# Pudding's Twins



## kelebek (Oct 5, 2007)

And here they are - not the best, but wanted to get you something before I came to work.

A9 - Buckling - available as a wether .... he thinks I am his momma and comes running when I come in the stall










A10 - Doeling - possibly retained - not sure yet.....


----------



## mrs. lam (Apr 20, 2010)

:leap: Congrats!

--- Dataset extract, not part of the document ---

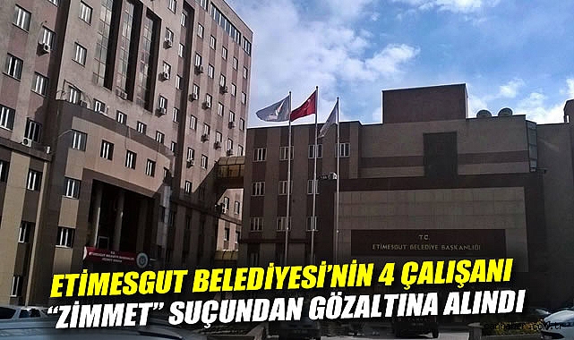 Ankara Etimesgut Belediyesi'ne, belediyenin şikayeti üzerine başlatılan zimmet" soruşturması kapsamında 4 kişi gözaltına alındı.Etimesgut Belediye Başkanlığına ait iştirak şirketi Etimkent A.Ş. Genel Müdürü M.Ç, Etimesgut Belediyesi Sosyal Yardım İşleri Müdürü A.C, Etimesgut Belediyesi Sosyal Yardım İşleri Müdürlüğü Mutemeti S.K. ve Etimkent A.Ş kasa sorumlu personeli H.B. hakkında gözaltı kararı verildi.Sabah saatlerinde yapılan operasyonda gözaltına alınan 4 kişinin evlerinde ve işyerlerinde arama yapıldı. Ankara Batı Cumhuriyet Başsavcılığı'nca yürütülen soruştumaya ilişkin yapılan açıklamada şunlar kaydedildi:

What cuties!

Gina


----------



## FunnyRiverFarm (Sep 13, 2008)

They are beautiful!


----------



## toth boer goats (Jul 20, 2008)

Very cute...... :greengrin: :thumb:


----------



## liz (Oct 5, 2007)

:clap: Congratulations!!!

Wow, the lil' girl is a flashy one isn't she?


----------



## kelebek (Oct 5, 2007)

He was trying to jump up on momma already - at 13 hours old!!!


----------



## speeddemon (Apr 28, 2010)

That doeling is absolutely stunning!


----------



## Realfoodmama (Apr 13, 2010)

I love the pic of them together...she is a beauty with that black and white face!


----------



## farmgirl42 (Jan 3, 2010)

Love the one of them together.  Both are adorable!


----------



## kelebek (Oct 5, 2007)

Thank you all


----------



## myfainters (Oct 30, 2009)

Awwwww so cute! There is nothing cuter than the kids that love attention. Cute kids!!! Congrats!


----------



## jdgray716 (Aug 8, 2008)

Boy what lookers. It will be hard to part with that lil girl!


----------



## DebMc (Dec 11, 2009)

Congrats! :balloons: Such beautiful babies! That photo of them snuggling is priceless!

Deb Mc


----------